2. 2942 sayılı Kamulaştırma Kanunu’nun( 2942 sayılı Kanun) Ek Madde-1 inci maddesi:
“Uygulama imar planlarında umumi hizmetlere ve resmî kurumlara ayrılmak suretiyle mülkiyet hakkının özüne dokunacak şekilde tasarrufu hukuken kısıtlanan taşınmazlar hakkında, uygulama imar planlarının yürürlüğe girmesinden itibaren beş yıllık süre içerisinde imar programları veya imar uygulamaları yapılır ve bütçe imkânları dâhilinde bu taşınmazlar ilgili idarelerce kamulaştırılır veya her hâlde mülkiyet hakkını kullanmasına engel teşkil edecek kısıtlılığı kaldıracak şekilde imar planı değişikliği yapılır/yaptırılır. (İptal: Anayasa Mahkemesinin 20/12/2018 tarihli ve E.: 2016/181 K.: 2018/111 sayılı Kararı ile)”
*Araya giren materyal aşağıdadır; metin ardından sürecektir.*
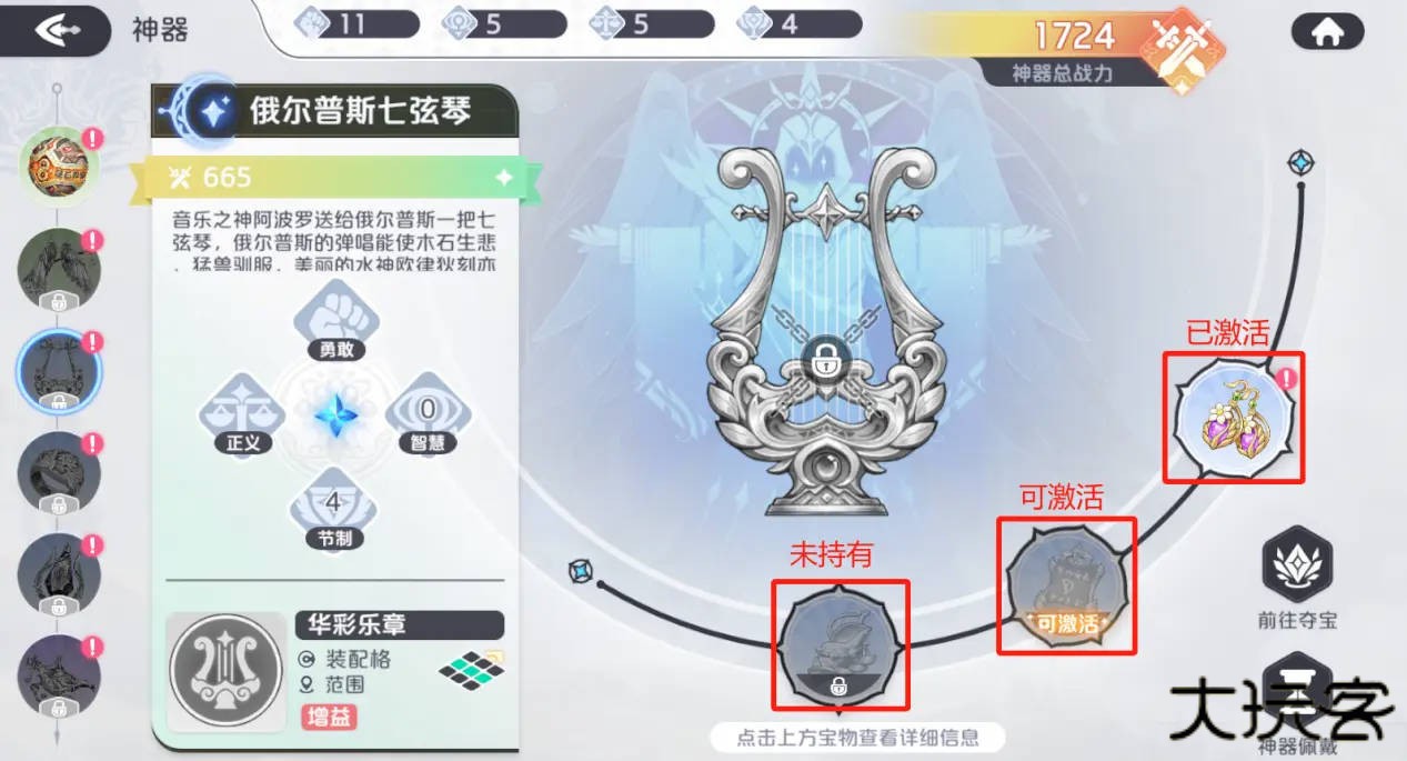获取途径:神器通过宝物激活,宝物可通过神界裂隙玩法,夺宝召唤两种途径获取

3. 26.11.2020 tarihli ve 32025 sayılı Resmî Gazete’de yayımlanan 7421 sayılı Kanun’un 3 üncü maddesi ile Ek Madde-1 inci maddesinin 1 inci fıkrasına eklenen cümle:
“Bu süre içinde belirtilen işlemlerin yapılmaması halinde taşınmazların malikleri tarafından mülkiyet hakkından kaynaklı bedele ilişkin açılacak davalar, adli yargıda görülür.”

4.2942 sayılı Kanun’un 11 inci maddesi.

5.5216 sayılı Büyükşehir Belediyesi Kanunu (5216 sayılı Kanun) 7 nci maddesi.

3. Değerlendirme
1. Bölge adliye mahkemelerinin nihai kararlarının bozulması 6100 sayılı Kanun’un 371 inci maddesinde yer alan sebeplerden birinin varlığı hâlinde mümkündür.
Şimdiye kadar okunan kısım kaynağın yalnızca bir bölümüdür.